Question

How do you find the center and radius of the circle $${(x-3)}^2+y^2=4$$?

Answer 1

Hint: This type of question is based on the concept of the equation of a circle. Here, to explain the concept let us consider the standard equation of a circle, that is, $${(x-h)}^2+{(y-k)}^2=r^2$$. Here, (h,k) is the centre of the circle and ‘r’ is the radius. By comparing the standard equation of circle and the given circle, we get h=3 and k=0. Thus, we get the centre of the given circle.

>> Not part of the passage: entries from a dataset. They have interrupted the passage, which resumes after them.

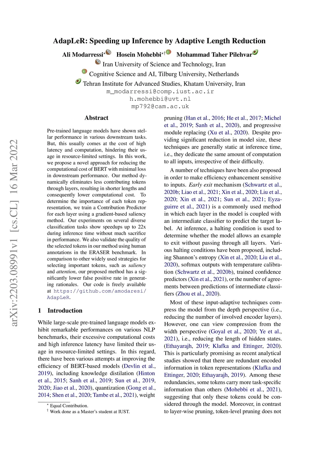 Pre-trained language models have shown stellar performance in various downstream tasks. But, this usually comes at the cost of high latency and computation, hindering their usage in resource-limited settings. In this work, we propose a novel approach for reducing the computational cost of BERT with minimal loss in downstream performance. Our method dynamically eliminates less contributing tokens through layers, resulting in shorter lengths and consequently lower computational cost. To determine the importance of each token representation, we train a Contribution Predictor for each layer using a gradient-based saliency method. Our experiments on several diverse classification tasks show speedups up to 22x during inference time without much sacrifice in performance. We also validate the quality of the selected tokens in our method using human annotations in the ERASER benchmark. In comparison to other widely used strategies for selecting important tokens, such as saliency and attention, our proposed method has a significantly lower false positive rate in generating rationales. Our code is freely available at https://github.com/amodaresi/AdapLeR .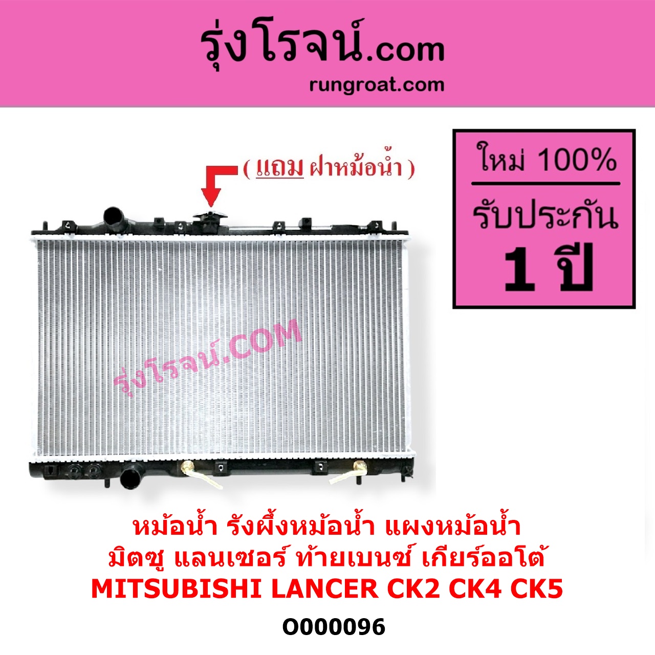 | O000096 | หม้อน้ำ (รังผึ้งหม้อน้ำ, แผงหม้อน้ำ) | MITSUBISHI (มิตซู) / LANCER CK2/CK4/CK5 (แลนเซอร์ ท้ายเบนซ์) | เกียร์ออโต้ (ใส่เกียร์กระปุกได้) | ไต้หวัน (ใหม่) |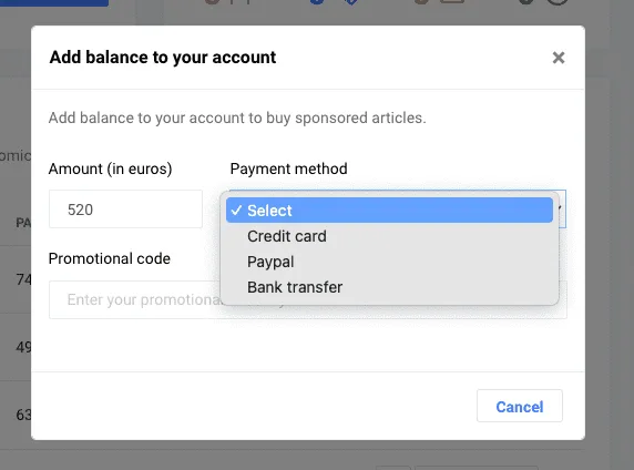 You need balance in your account to buy links in professional articles to increase the visibility and visits to your website.
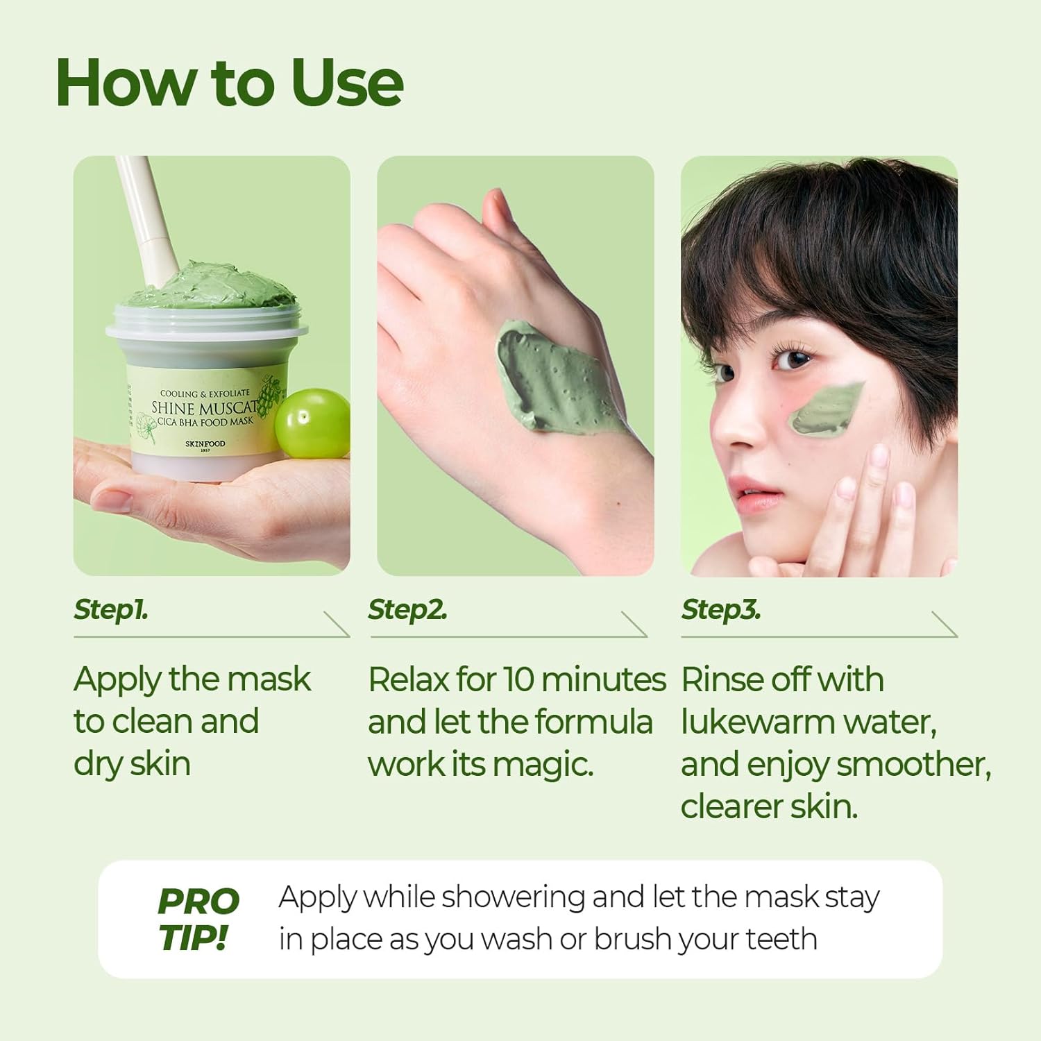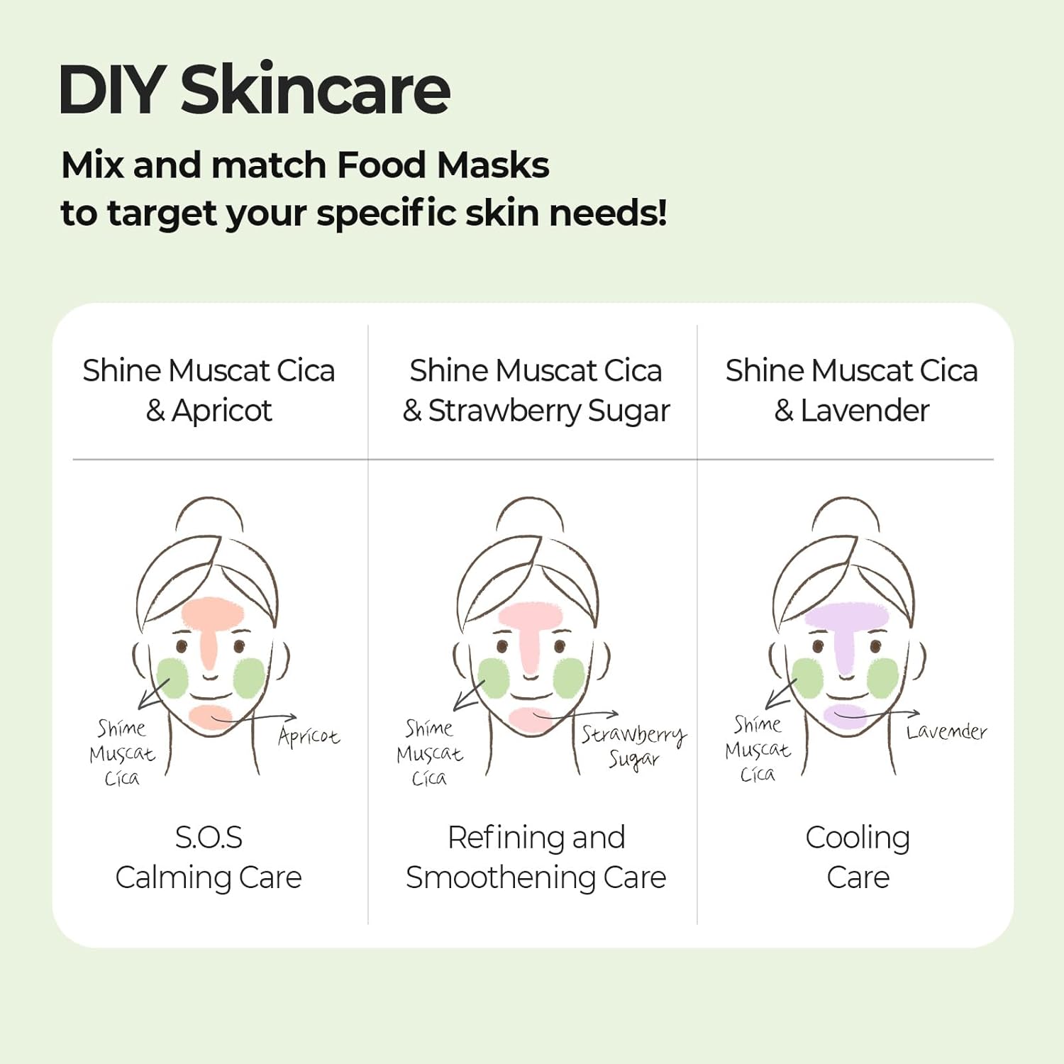 A food mask infused with Shine Muscat, which is rich in resveratrol and vitamins C, K, and B6 to help with excellent cleansing and soothing properties.
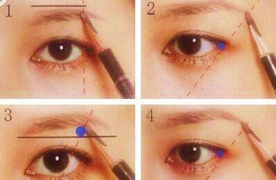 眉尾:位于嘴角和眼尾的延长线上,如果眉毛过长要修剪,过短就要用眉笔补色。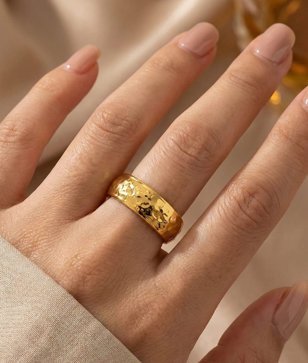Elevate your elegance with our Bold Golden Ring, meticulously crafted to exude sophistication and designed with an anti-tarnish finish for lasting brilliance. At Lavish Jewellery, we pride ourselves on delivering exceptional quality and timeless beauty in every piece. This statement ring not only complements any attire but also embodies our commitment to excellence and luxury. Discover the perfect blend of style and durability with our Bold Golden Ring Anti tarnish. Indulge in a piece that is as enduring as your sophisticated taste.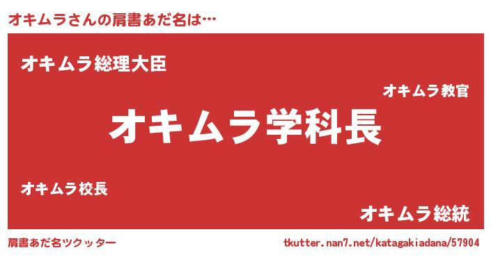 | 男性向けラノベタイトル風あだ名 | 『ノーゲーム・ノーオキムラ』 |
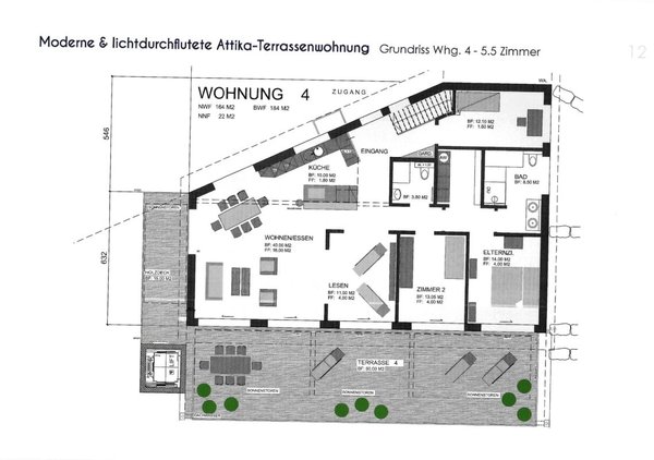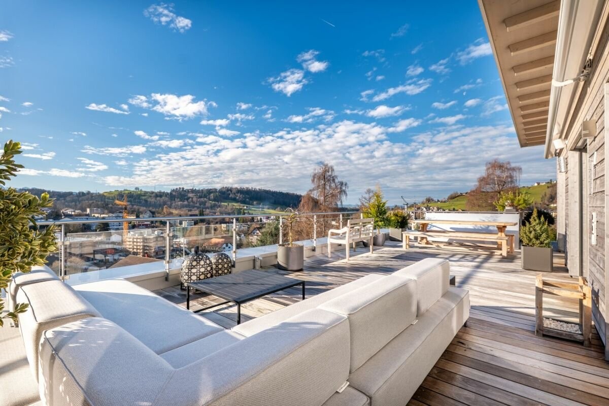 Diese moderne, lichtdurchflutete Attika-Terrassenwohnung überzeugt mit einer grosszügigen Wohnfläche und einer weitläufigen Terrasse mit herrlichem Weitblick. Der offene Wohn- und Essbereich mit Küche bietet viel Raum und Helligkeit. Neben zwei grosszügigen Schlafzimmern steht ein weiterer Raum als Büro, Gästezimmer oder Lesezimmer zur Verfügung. Ein modernes Bad, ein separates WC sowie ein praktischer Eingangsbereich mit Garderobe runden das Angebot ab.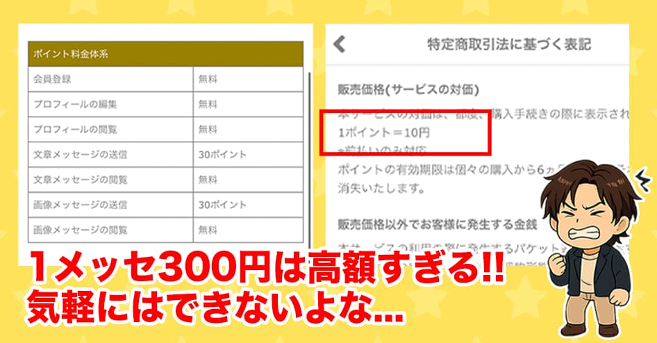 費用感はメッセージ送信や画像送信に30ポイント(300円)が必要で、かなり高額。💦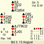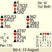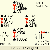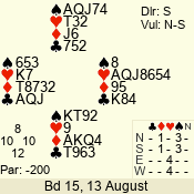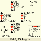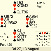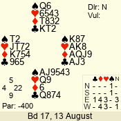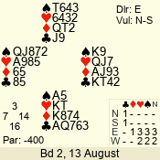 | 3 NT | E | +2 | -460 | 4 | 08 - 08 | 1 | 8 |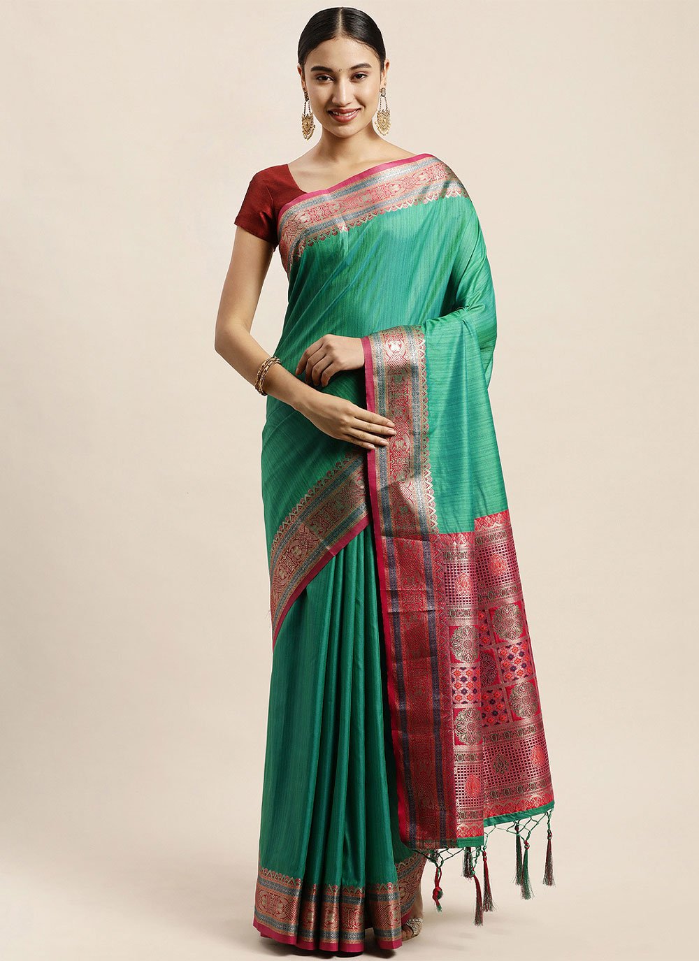 Get going with this majestic and wonderful piece and make your dream attire look richer to your persona. Be ready to slip in the comfort zone of sea green silk designer saree. Look ravishing clad in this attire which is enhanced weaving work. Comes with matching blouse. (Slight variation in color, fabric & work is possible. Model images are only representative.)

Similarly, comparing the standard equation of circle with the given circle, we get $$r^2=4$$. Taking the square root on both the sides, we get the radius of the circle.

Complete answer:
According to the question, we are asked to find the radius and center of the circle $${(x-3)}^2+y^2=4$$.
We have been given the equation of the circle is $${(x-3)}^2+y^2=4$$. --------(1)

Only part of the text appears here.